* Given records *
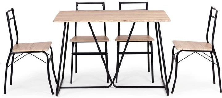- Стільниця столу та елементи стільців виготовлені з плити MDF, покритої плівкою, що забезпечує легкість очищення та стійкість до щоденного використання. Це рішення гарантує естетику й довговічність в одному.
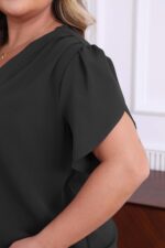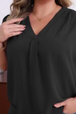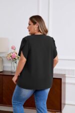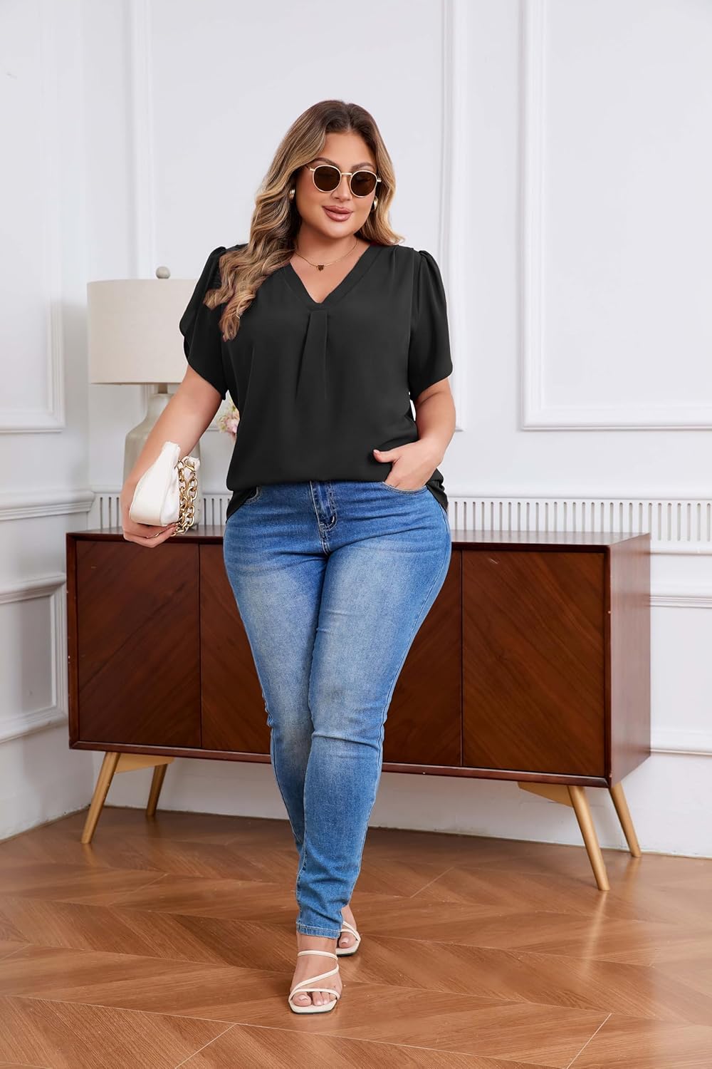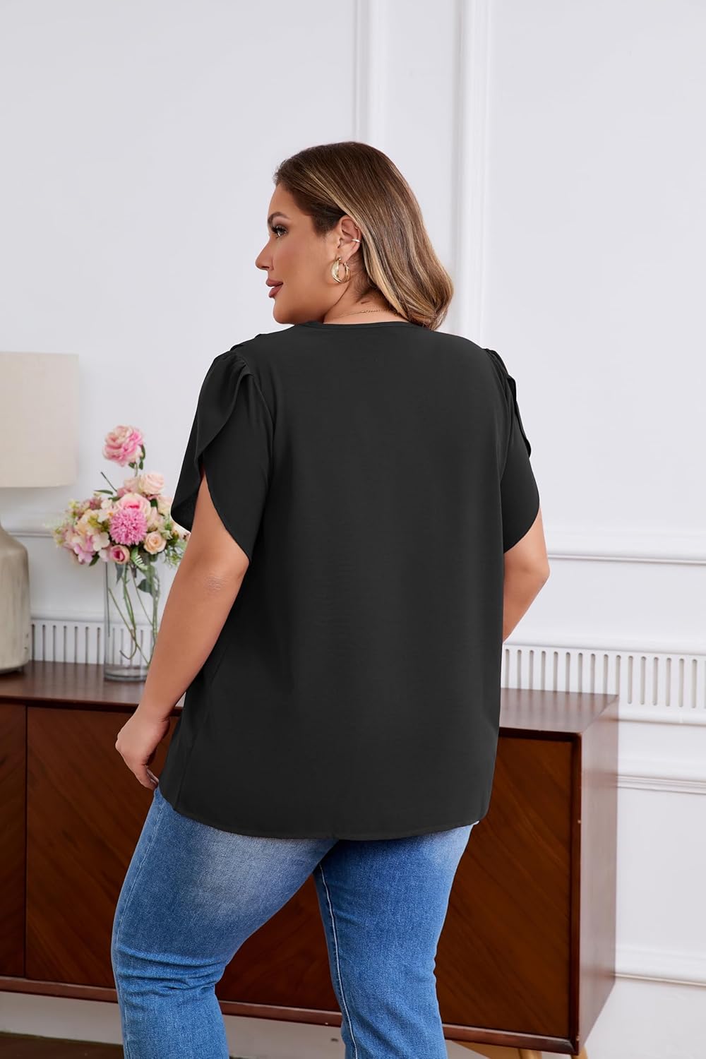 CARROTMOB Women’s Plus Size Dressy Casual Blouses Solid Business Work Tops Petal Short Sleeve V Neck Loose Fit T Shirt Summer Trendy 2025
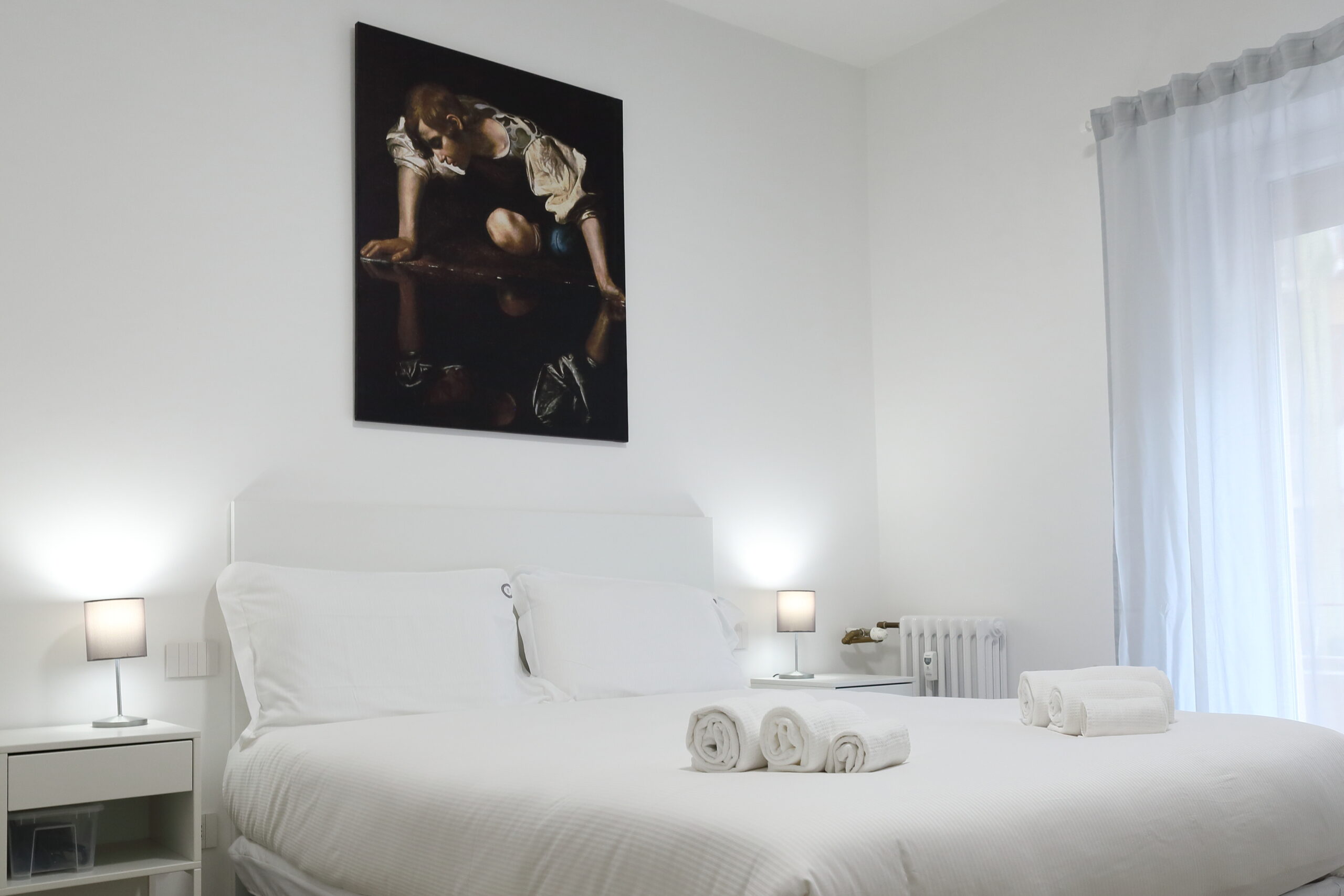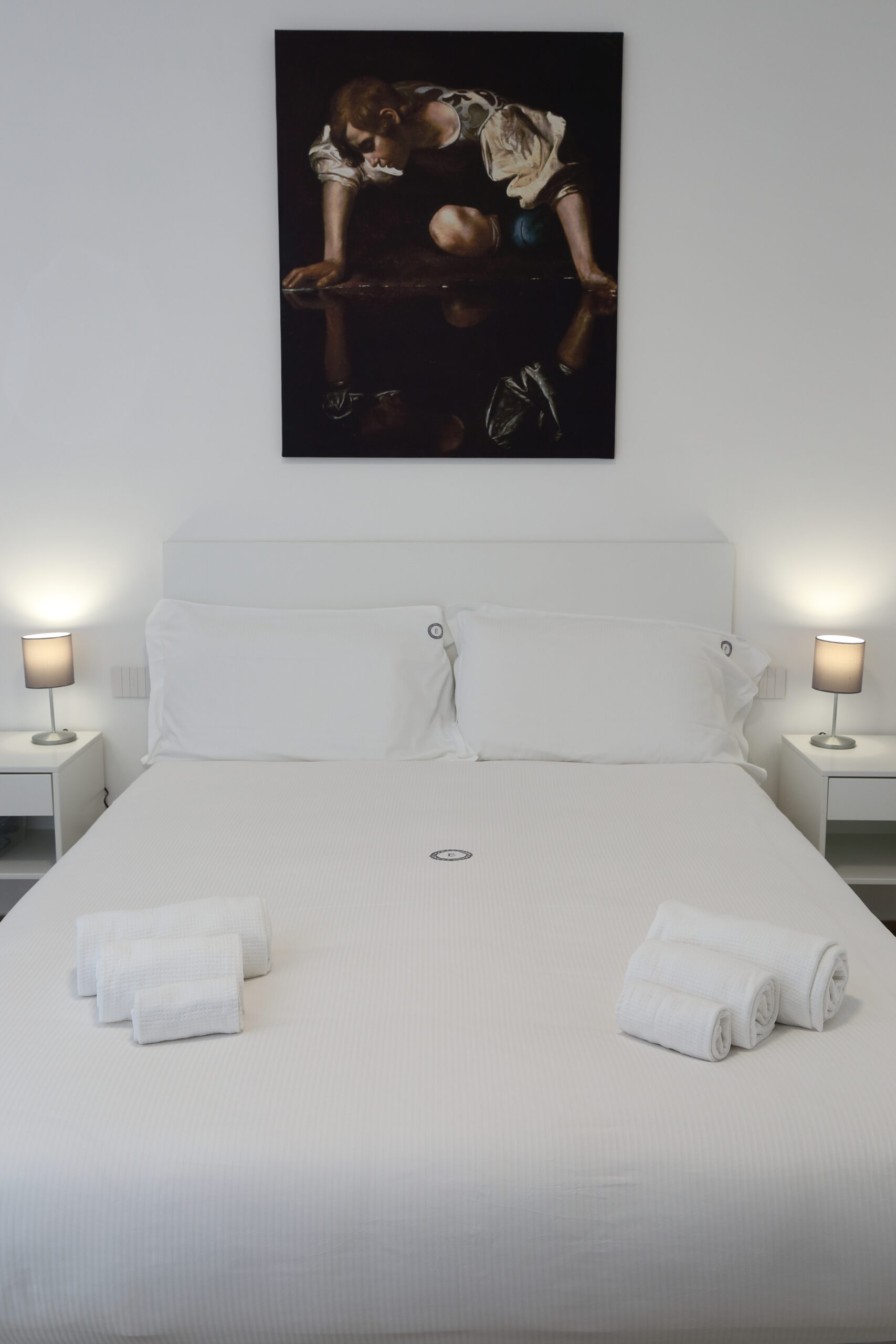 La Caravaggio è una camera matrimoniale Deluxe (con possibilità di 1 letto singolo aggiuntivo); ha un confortevole bagno interno ed un ampio balcone con affaccio sulla strada. È rifinita con materiali pregiatissimi, confortevole, ariosa, luminosa e dotata dei dispositivi tecnologici più avanzati: Wi-Fi gratuita; climatizzatore automatico aria calda/fredda; TV 55”; frigo bar zero rumore; materasso e cuscini di qualità eccelsa. Il bagno è dotato di idroscopino per la pulizia del WC, di sanitari di altissima qualità e di un pregiatissimo mobile lavabo in vero quarzo.
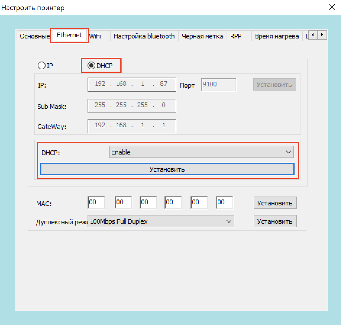 Включите режим принтера «DHCP» для автоматического получения IP-адреса;
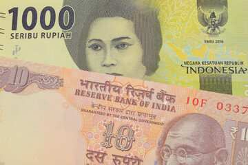 A macro image of a orange ten rupee bill from India paired up with a green one thousand bank note from Indonesia.  Shot close up in macro.

* Work item *
A word-for-word retyping of every record is required, without the pictures.

* Response for this exercise *
- Стільниця столу та елементи стільців виготовлені з плити MDF, покритої плівкою, що забезпечує легкість очищення та стійкість до щоденного використання. Це рішення гарантує естетику й довговічність в одному.
 CARROTMOB Women’s Plus Size Dressy Casual Blouses Solid Business Work Tops Petal Short Sleeve V Neck Loose Fit T Shirt Summer Trendy 2025
 La Caravaggio è una camera matrimoniale Deluxe (con possibilità di 1 letto singolo aggiuntivo); ha un confortevole bagno interno ed un ampio balcone con affaccio sulla strada. È rifinita con materiali pregiatissimi, confortevole, ariosa, luminosa e dotata dei dispositivi tecnologici più avanzati: Wi-Fi gratuita; climatizzatore automatico aria calda/fredda; TV 55”; frigo bar zero rumore; materasso e cuscini di qualità eccelsa. Il bagno è dotato di idroscopino per la pulizia del WC, di sanitari di altissima qualità e di un pregiatissimo mobile lavabo in vero quarzo.
 Включите режим принтера «DHCP» для автоматического получения IP-адреса;
 A macro image of a orange ten rupee bill from India paired up with a green one thousand bank note from Indonesia.  Shot close up in macro.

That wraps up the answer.